Of humble origin, the Cortusi seem to have emigrated from Germany to Italy in the 11th century. Late sources place their arrival in Italy in 1014, but the first document to mention them is the Descriptio civium per quatuor quarteria patavinorum (Description of the citizens of the four quarters of the Paduans) of 1275. Some modern historians have incorrectly ascribed nobility to the family, but in fact it was just well-established and wealthy by the later 13th century. The Cortusi were based in the district of Ponte Altinate and the village of Ognisanti. Along the river Brenta to the east of the city, they held lands and rights to tithes in fief from the bishopric of Treviso. Writing around 1317 in his Liber de generatione aliquorum civium urbis Padue, Giovanni da Nono describes the family as having an interest in law and its head, Matteo, as a knight, although there is no other evidence of that he held this status.

Matteo Cortusi was the podestà of Bassano in 1278, and the councilor in charge of the same city when it fell under Paduan rule in 1281. In 1292, he was the Paduan councilor in charge of fortifying Castrobaldo sull'Adige. In 1303 and again in 1306, he served the commune as ambassador to the Republic of Venice. According to his will, drawn up on 24 June 1308, he had four children. Ruggiero entered the church, becoming prior of Oriago by 1313. Aldrighetto (whose name is also given as Albrighetto or Albrigetto) was knighted by Guecellone da Camino, became podestà of Feltre in 1361 and of Belluno in 1322. Bonzanello does not seem to have held public office and was dead by March 1313, but his son, Guglielmo, became a prominent jurist and chronicler after 1315. Guglielmo's son, Giovanni, predeceased him, leaving three sons of his own: Ludovico, Pietro and Bonzanello.

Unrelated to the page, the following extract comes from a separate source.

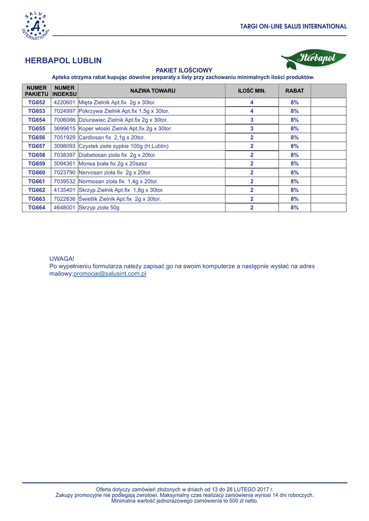TARGI ON-LINE SALUS INTERNATIONAL HERBAPOL LUBLIN PAKIET ILOŚCIOWY Apteka otrzyma rabat kupując dowolne preparaty z listy przy zachowaniu minimalnych ilości produktów. NUMER NUMER NAZWA TOWARU PAKIETU INDEKSU TG652 4220601 Mięta Zielnik Apt.fix 2g x 30tor. ILOŚĆ MIN. RABAT 4 8% TG653 7024997 Pokrzywa Zielnik Apt.fix 1,5g x 30tor. 4 8% TG654 7006066 Dziurawiec Zielnik Apt.fix 2g x 30tor. 3 8% TG655 3699615 Koper włoski Zielnik Apt.fix 2g x 30tor. 3 8% TG656 7051929 Cardiosan fix 2,1g x 20tor. 2 8% TG657 3098093 Czystek ziele sypkie 100g (H.Lublin) 2 8% TG658 7038397 Diabetosan zioła fix 2g x 20tor. 2 8% TG659 3094361 Morwa biała fix 2g x 20sasz 2 8% TG660 7023790 Nervosan zioła fix 2g x 20tor. 2 8% TG661 7039532 Normosan zioła fix 1,4g x 20tor. 2 8% TG662 4135401 Skrzyp Zielnik Apt.fix 1,8g x 30tor. 2 8% TG663 7022836 Świetlik Zielnik Apt.fix 2g x 30tor. 2 8% TG664 4648001 Skrzyp zioła 50g 2 8% UWAGA! Po wypełnieniu formularza należy zapisać go na swoim komputerze a następnie wysłać na adres mailowy:[email protected] Oferta dotyczy zamówień złożonych w dniach od 13 do 28 LUTEGO 2017 r. Zakupy promocyjne nie podlegają zwrotowi. Maksymalny czas realizacji zamówienia wynosi 14 dni roboczych. Minimalna wartość jednorazowego zamówienia to 500 zł netto.

Ludovico also became a jurist. He had a son named Giovanni.

Other Cortusi include Marco, who purchased two houses in October 1288; Ivano, whose son Castellano witnessed an act pertaining to the monastery of San Giovanni di Verdara in 1334 and whose other son, Giovanni, entered the judicial school in 1297; Francesco, son of Giovanni Zagnacco, who was dead by June 1344; Lodovico, doctor of law and judge, attested in 1397 and 1412; Francesco, son of the late Giacomo, attested in 1390; and Albrigetto, born 1388, great-grandson of Guglielmo, once believed to have written a continuation of his chronicle.